L'Athée du grenier - suivi de racisme et science-fiction

L'Athée du grenier - suivi de racisme et science-fiction

Samuel R. DELANY, Terry BISSON, (non MENTIONNÉ)
GOATER
172pp - 14,00 €

Bifrost n° 102

Critique parue en avril 2021 dans Bifrost n° 102

Samuel R. Delany qui appartenait à la Nouvelle Vague américaine, fut publié en France entre 1971 et 1984, puis disparut. Son énorme roman, Dhalgren (1975) ne trouva sous nos latitudes personne pour se risquer à le publier, ni Robert Louit, ni Gérard Klein, ni les éditions OPTA qui, tous, l’avait accueilli auparavant. Delany est un excellent styliste, ses livres sont complexes, voire carrément difficiles pour les plus récents. Delany est de « gauche » mais n’a rien à voir avec la gauche prolétarienne ni avec ce que les écrivains soviétiques non dissidents pouvaient bien alors écrire.

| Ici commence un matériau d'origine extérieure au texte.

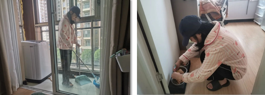 實行靜默管控以來,機電工程系老師陳榮雪,每天忙碌于給在校進行疫情防控工作的老師們收拾屋子,整理家務。掃地、澆花、倒垃圾、喂寵物,甚至是熬豬油、洗衣服……把老師們家里的一切打理得井井有條。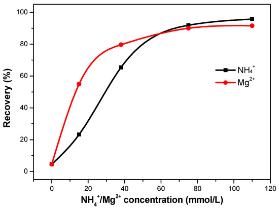 A series of desorption experiments were carried out to verify the DFT calculation result that the desorption efficiencies of Mg2+ are higher than those of NH4+. Raw Mt was mixed with a chloride praseodymium solution to obtain Pr–Mt, which was used in the desorption process. Figure 9 shows the recovery of Pr3+ from Mt as a function of the NH4+/Mg2+ concentration. The recoveries of Pr3+ were 55% and 80%, while the concentrations of Mg2+ were 15 mmol/L and 38 mmol/L, respectively, which were much higher than those of NH4+ (23% and 65%), whereas the desorption efficiencies of NH4+ and Mg2+ were equal under high concentrations. The concentrations of NH4+, Mg2+ and Pr3+ in lixivium are listed in Table 8. The concentration of Pr3+ was only 1.64 mmol/L (with a recovery of 55%), while the concentration of Mg2+ was 15 mmol/L, which was nearly ten times larger than that of Pr3+. Additionally, the concentration of NH4+ was forty times larger than that of Pr3+, while the recovery was 95%. These results imply that the desorption efficiency of Mg2+ is higher than that of NH4+ and that the concentration of NH4+/Mg2+ should be much higher than that of Pr3+ in the desorption process, which is consistent with the DFT calculation result that the adsorption stability of hydrated magnesium ions is higher than that of hydrated NH4+, which is lower than that of Pr3+.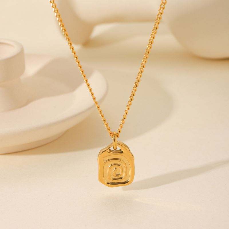 สร้อยคอจี้สี่เหลี่ยมทรงเกลียวทรงเรขาคณิตทำจากสแตนเลส18K เครื่องประดับแฟชั่นชุบทองของขวัญสำหรับผู้หญิง

Sa gauche était en avance de deux générations  : bobo, politiquement correcte, féministe, pro-gay, artiste, anti-raciste, et aurait pu être végane ou écologiste. Après la publication de « La Fosse aux étoiles » chez Denoël dans la collection « Étoile Double », il n’y eut plus rien jusqu’en 2006 et la publication de Hogg, roman hors genre proche de Vice Versa, chez Laurence Viallet. En 2008, Bragelonne sortit un gros omnibus : Les Chants des étoiles, rassemblant les space opera de Delany… En somme, 36 ans depuis le dernier inédit SF.

Et voici, en 2020, L’athée du Grenier. Eh bien, la disette va durer : ce n’est ni de la science-fiction ni même de l’imaginaire. C’est de la littérature mimétique. La novella est constitué d’une partie d’un journal apocryphe du génial philosophe et mathématicien allemand du XVIIe siècle, Wilhelm Gottfried Leibnitz, qui inventa la première machine à calculer et le calcul binaire. Ce journal raconte le séjour que Leibnitz fit pour affaires en Amsterdam en 1676 et le court voyage qu’il fit à La Haye durant ce temps pour rendre visite au philosophe juif Baruch Spinoza.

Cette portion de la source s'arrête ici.